Co-Chair of Pirate Parties International
- In office 13 March 2011 – 15 April 2012 Serving with Marcel Kolaja
- Preceded by: Grégory Engels Jerry Weyer
- Succeeded by: Grégory Engels Lola Voronina
- In office August 2009 – 18 April 2010 Serving with Pat Mächler
- Preceded by: Andrew Norton
- Succeeded by: Grégory Engels Jerry Weyer

Personal details
- Born: 1983 (age 42–43)
- Party: Pirate Party of the Netherlands
- Education: Windesheim University of Applied Sciences

= Samir Allioui =

Dutch politician and activist

Samir Allioui (born 1983) is a Dutch politician and activist. From August 2009 to April 2010, Allioui served as the Co-President of Pirate Parties International, firstly with Pat Mächler and later with Jerry Weyer. He was later elected a Co-Chair of Pirate Parties International, serving from March 2011 to April 2012. Allioui was also the lijsttrekker for the Pirate Party of the Netherlands during the 2010 Dutch general election.

==Early life and education==

Allioui was born in Amsterdam to a Moroccan father. His mother was 16 when she gave birth to him, and Allioui ended up spending time in several different orphanages.
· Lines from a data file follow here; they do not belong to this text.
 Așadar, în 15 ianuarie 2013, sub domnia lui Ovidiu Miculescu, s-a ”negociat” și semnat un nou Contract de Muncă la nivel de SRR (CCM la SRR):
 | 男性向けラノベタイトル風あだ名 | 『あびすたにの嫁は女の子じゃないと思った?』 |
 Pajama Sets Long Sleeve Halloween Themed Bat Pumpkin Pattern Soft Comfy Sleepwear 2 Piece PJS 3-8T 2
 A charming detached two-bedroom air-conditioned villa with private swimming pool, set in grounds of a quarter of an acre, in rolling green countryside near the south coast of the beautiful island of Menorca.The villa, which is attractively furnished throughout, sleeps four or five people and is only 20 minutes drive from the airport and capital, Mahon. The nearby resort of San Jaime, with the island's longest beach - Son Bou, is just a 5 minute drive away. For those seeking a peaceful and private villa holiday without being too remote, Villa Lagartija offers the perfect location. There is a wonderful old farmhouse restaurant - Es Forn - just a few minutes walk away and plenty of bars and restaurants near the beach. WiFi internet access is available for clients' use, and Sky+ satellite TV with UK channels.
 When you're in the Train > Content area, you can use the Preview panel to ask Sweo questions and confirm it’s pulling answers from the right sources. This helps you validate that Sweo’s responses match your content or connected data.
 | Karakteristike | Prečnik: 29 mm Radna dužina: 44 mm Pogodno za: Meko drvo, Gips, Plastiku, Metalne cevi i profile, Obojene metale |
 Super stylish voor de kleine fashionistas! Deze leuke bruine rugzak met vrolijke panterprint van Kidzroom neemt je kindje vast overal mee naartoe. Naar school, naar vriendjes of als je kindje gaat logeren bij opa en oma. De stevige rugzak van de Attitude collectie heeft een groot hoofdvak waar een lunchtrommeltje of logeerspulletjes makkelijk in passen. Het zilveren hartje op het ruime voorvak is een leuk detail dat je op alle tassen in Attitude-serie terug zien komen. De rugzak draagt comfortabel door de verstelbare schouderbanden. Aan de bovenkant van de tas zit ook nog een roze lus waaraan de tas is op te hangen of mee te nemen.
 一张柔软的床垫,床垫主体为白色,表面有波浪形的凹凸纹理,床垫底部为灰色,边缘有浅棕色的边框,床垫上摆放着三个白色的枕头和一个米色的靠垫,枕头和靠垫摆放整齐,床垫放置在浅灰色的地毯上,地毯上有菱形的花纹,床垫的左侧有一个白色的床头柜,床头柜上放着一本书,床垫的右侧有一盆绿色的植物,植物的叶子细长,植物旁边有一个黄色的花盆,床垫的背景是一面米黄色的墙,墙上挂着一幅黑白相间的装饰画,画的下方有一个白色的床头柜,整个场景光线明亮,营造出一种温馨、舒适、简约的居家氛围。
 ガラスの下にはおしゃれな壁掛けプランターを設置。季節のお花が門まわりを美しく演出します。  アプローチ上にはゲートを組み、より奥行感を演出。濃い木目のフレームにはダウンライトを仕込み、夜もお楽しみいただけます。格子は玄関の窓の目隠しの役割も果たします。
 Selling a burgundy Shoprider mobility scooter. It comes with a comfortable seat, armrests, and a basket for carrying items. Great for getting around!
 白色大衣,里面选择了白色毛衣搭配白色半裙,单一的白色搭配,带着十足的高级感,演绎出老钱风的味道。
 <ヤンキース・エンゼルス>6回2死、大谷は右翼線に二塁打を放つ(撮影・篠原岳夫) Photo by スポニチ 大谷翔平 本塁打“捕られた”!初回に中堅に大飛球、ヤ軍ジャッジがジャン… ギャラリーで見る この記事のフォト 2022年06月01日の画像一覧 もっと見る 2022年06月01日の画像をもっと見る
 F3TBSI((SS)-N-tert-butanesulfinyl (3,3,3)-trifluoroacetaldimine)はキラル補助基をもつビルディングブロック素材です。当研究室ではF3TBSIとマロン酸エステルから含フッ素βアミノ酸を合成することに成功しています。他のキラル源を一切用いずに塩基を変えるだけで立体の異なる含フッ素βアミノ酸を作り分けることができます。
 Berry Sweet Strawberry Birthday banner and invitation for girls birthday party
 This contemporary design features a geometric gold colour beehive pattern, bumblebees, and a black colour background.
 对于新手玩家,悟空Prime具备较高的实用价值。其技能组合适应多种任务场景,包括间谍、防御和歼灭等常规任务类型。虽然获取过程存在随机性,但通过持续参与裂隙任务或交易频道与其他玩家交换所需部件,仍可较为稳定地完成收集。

However, he spent most of his childhood with foster parents in Zoetermeer. Allioui also lived in the Hague for a few years, which was when his 16-year-old sister was killed in the house when he was not home. Five years after her death, he tracked down the perpetrator using his computer skills, who was then prosecuted by the police. Allioui was complimented by the judge for his efforts.

Allioui became very interested in computing, particularly coding and writing script at school. After he finished school, he spent a short time in the Dutch Army, and a year as a programmer at a marketing consultancy, before studying Business Information Technology at Windesheim University of Applied Sciences.

==Political career==

===Pirate Parties International===

Allioui, alongside Pat Mächler, became joint Co-Presidents in charge of the 'Coreteam' of Pirate Parties International (PPI) in August 2009, following the resignation of sole coordinator Andrew Norton on 2 August. Allioui served in this role until the 2010 founding conference of the PPI on 18 April 2010. Mächler stepped down on 1 March 2010, shortly before the conference, which meant that between the Mächler stepping down and the conference, his role was filled by Jerry Weyer. During the conference, Weyer and Grégory Engels were elected the first Co-Chairs of the PPI.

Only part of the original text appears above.